## The problem:
Below is a listing; print exactly its lines from the one containing "DXCZ202406,技术员" down to the one containing "Oferim o garanție", both inclusive, with every picture left out.

## Data for review:
***
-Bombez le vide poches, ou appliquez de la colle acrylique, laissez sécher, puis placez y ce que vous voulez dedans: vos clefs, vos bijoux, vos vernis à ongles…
***
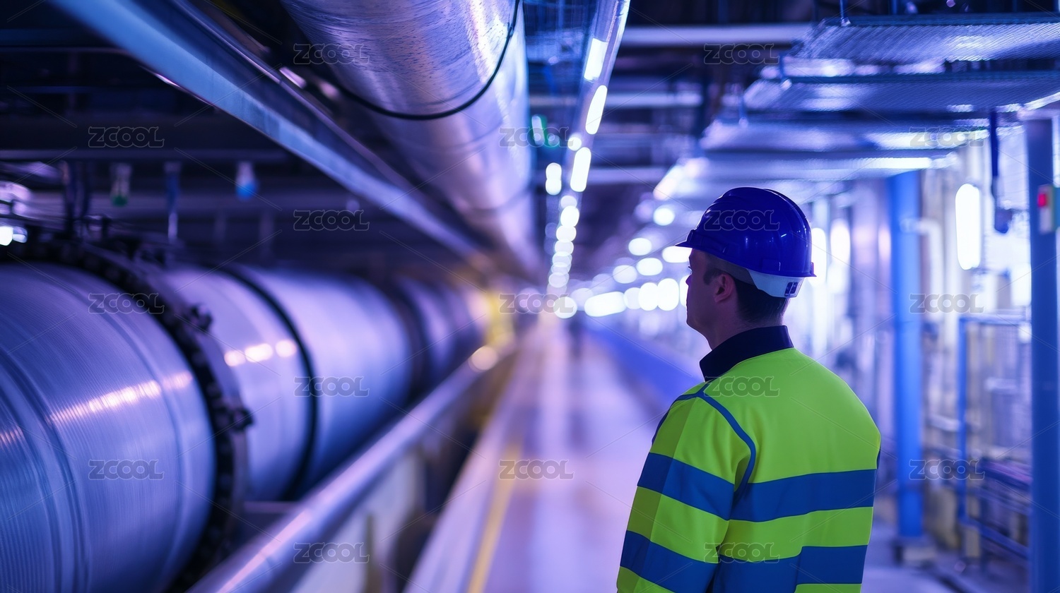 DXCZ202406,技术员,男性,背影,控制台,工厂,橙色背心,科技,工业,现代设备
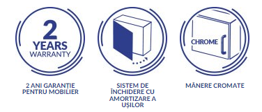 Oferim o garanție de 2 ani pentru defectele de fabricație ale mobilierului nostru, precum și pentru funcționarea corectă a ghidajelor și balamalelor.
***
## Solution for this exercise:
 DXCZ202406,技术员,男性,背影,控制台,工厂,橙色背心,科技,工业,现代设备
 Oferim o garanție de 2 ani pentru defectele de fabricație ale mobilierului nostru, precum și pentru funcționarea corectă a ghidajelor și balamalelor.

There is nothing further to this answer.